Truckstop.com and FTR's most recent Spot Market Insights showed that each of the four key market indicators increased in week 48. The overall Market Demand Index (MDI) rose by 55.5 points to 107.5 as load availability increased 127% and truck availability rose 9.9%.
Spot Rates Surge After Thanksgiving
- The overall broker-posted spot rate jumped sharply — the biggest weekly increase since March — reaching its highest level since early July.
- Among equipment types, refrigerated (“reefer”) rates surged the most, hitting their highest point since January 2023 (and marking the largest weekly increase since May’s inspection-heavy “Roadcheck” period).
- Flatbed rates also rose — the strongest increase since April — marking their best week in six.
- Dry van rates climbed solidly as well, reaching their strongest levels since mid-year.

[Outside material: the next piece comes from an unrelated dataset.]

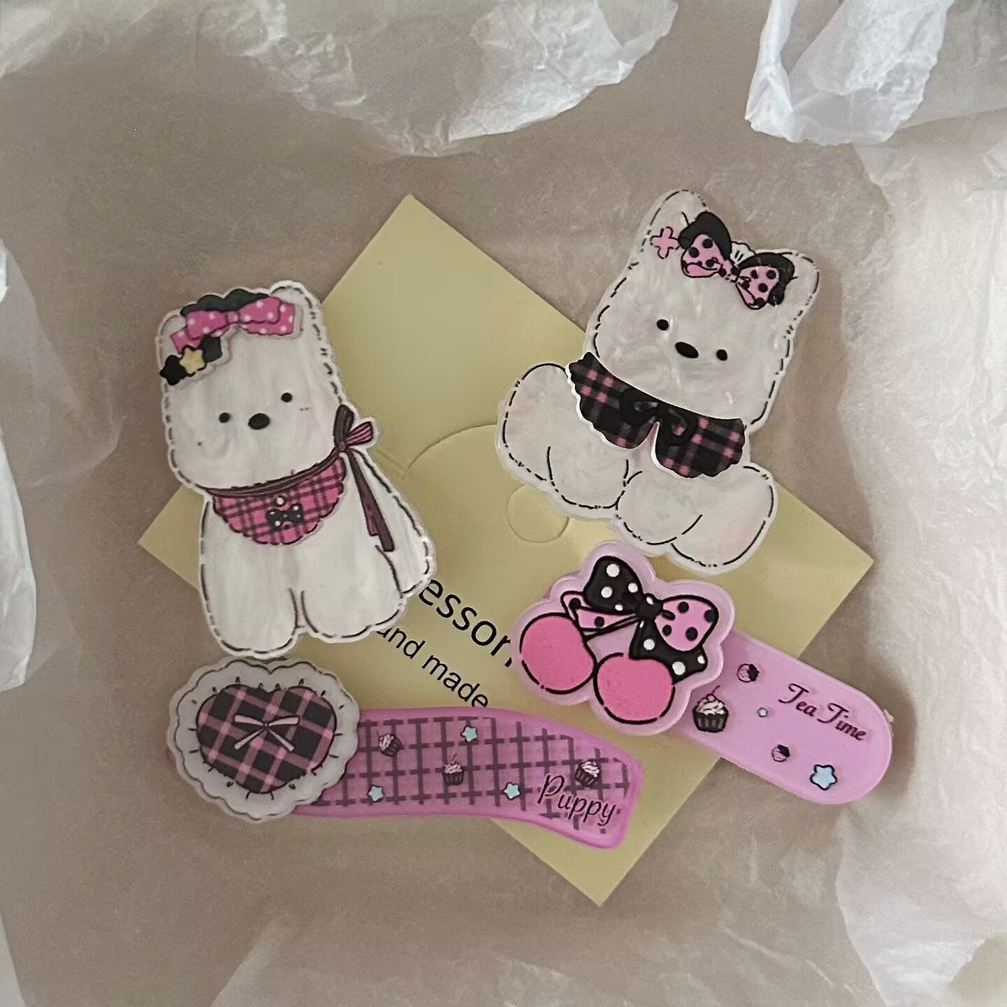 달콤한 멋진 스타일 아크릴 전신 개 머리핀 달콤한 귀여운 가리 스타일 사이드 클립 헤어핀 가을과 겨울 새로운 스타일 헤어 액세서리

Load Volumes Rebound — Demand Jumps Post-Holiday
- After a steep ~46% drop during Thanksgiving week, total load activity rebounded by 127% in the following week — the strongest showing since May’s Roadcheck week.
- Compared to last year’s post-Thanksgiving week, volumes were up ~26% (adjusting for the holiday timing).

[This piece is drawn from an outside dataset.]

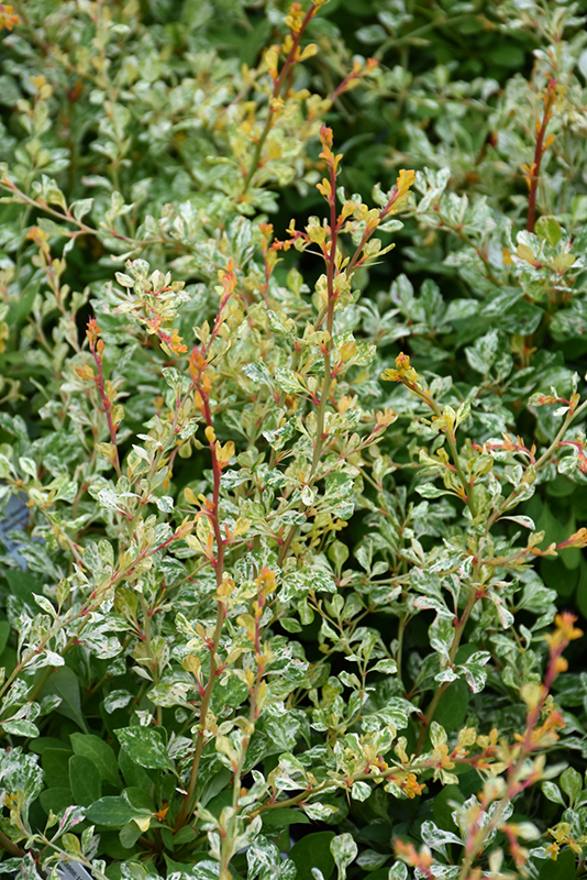 Hardiness Zone: 4a Description: A compact, well-shaped mound of green, chartreuse and cream mottled foliage all summer long, turning to orange in fall; very showy, great as a color contrast in the landscape; plant on slopes, in beds, as border Ornamental Features Lime Glow Japanese Barberry is primarily grown for its highly ornamental fruit. The fruits are showy red drupes carried in abundance from early to late fall. It has attractive creamy white-spotted green foliage with hints of chartreuse. The small oval leaves are highly ornamental and turn an outstanding orange in the fall. It has clusters of yellow flowers hanging below the branches in mid spring, which are interesting on close inspection. Landscape Attributes Lime Glow Japanese Barberry is a dense multi-stemmed deciduous shrub with a more or less rounded form. Its relatively fine texture sets it apart from other landscape plants with less refined foliage. This shrub will require occasional maintenance and upkeep, and can be pruned at anytime. Deer don't particularly care for this plant and will usually leave it alone in favor of tastier treats. Gardeners should be aware of the following characteristic(s) that may warrant special consideration; Lime Glow Japanese Barberry is recommended for the following landscape applications; Planting & Growing Lime Glow Japanese Barberry will grow to be about 3 feet tall at maturity, with a spread of 3 feet. It tends to fill out right to the ground and therefore doesn't necessarily require facer plants in front. It grows at a medium rate, and under ideal conditions can be expected to live for approximately 20 years. This shrub does best in full sun to partial shade. It is very adaptable to both dry and moist growing conditions, but will not tolerate any standing water. It is considered to be drought-tolerant, and thus makes an ideal choice for a low-water garden or xeriscape application. It is not particular as to soil type or pH, and is able to handle environmental salt. It is highly tolerant of urban pollution and will even thrive in inner city environments. This is a selected variety of a species not originally from North America.

- Truck postings rose ~9.9%, and the Market Demand Index (loads-to-trucks ratio) surged to its highest level since the May inspection period — indicating a sharper rebound in demand than in capacity.
Segment-by-Segment Breakdown
Dry-Van
- Rates rose just over 4¢.
- Load volume rebounded ~113%, reaching its highest since November 2023.

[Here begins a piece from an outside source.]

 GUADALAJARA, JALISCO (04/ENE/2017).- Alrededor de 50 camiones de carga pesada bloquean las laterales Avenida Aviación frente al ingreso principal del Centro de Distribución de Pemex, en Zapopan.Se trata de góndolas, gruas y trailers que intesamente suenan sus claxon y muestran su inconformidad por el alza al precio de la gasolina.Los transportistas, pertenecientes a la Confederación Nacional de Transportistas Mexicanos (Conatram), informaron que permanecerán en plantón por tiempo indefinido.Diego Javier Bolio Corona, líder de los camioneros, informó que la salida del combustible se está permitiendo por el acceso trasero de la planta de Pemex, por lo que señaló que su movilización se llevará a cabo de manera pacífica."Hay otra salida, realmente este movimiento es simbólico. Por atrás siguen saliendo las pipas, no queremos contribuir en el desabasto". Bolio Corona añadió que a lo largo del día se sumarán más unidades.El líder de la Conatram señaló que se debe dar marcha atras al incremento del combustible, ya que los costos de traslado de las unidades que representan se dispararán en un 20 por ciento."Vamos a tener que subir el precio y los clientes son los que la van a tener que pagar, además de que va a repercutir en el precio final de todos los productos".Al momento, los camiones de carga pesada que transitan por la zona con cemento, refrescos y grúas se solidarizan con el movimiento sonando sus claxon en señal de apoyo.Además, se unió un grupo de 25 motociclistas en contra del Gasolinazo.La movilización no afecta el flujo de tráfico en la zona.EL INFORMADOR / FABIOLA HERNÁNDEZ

- Volumes were ~140% above 2024’s comparable week, ~22% higher than last year’s post-Thanksgiving week.
Refrigerated (Reefer)
- Spot rates jumped ~21¢ — roughly 15% above 2024, ~12% above last year’s post-holiday week.
- Load activity rose ~90%, the busiest since May.
Flatbed
- Rates increased nearly 4¢.
- Loads surged ~154% after a steep holiday drop; volume was ~236% above 2024’s week and ~41% higher than the prior year’s post-Thanksgiving week.
A Note of Caution — Holiday Effects May Be Distorting The Trend
The report notes that holiday-week spikes (or dips) in load volumes and rates can be misleading, often temporary and followed by a return to typical patterns. Hence, while this week’s surge is impressive, analysts and stakeholders should view it as a potential sign of market inflection rather than a guaranteed turnaround.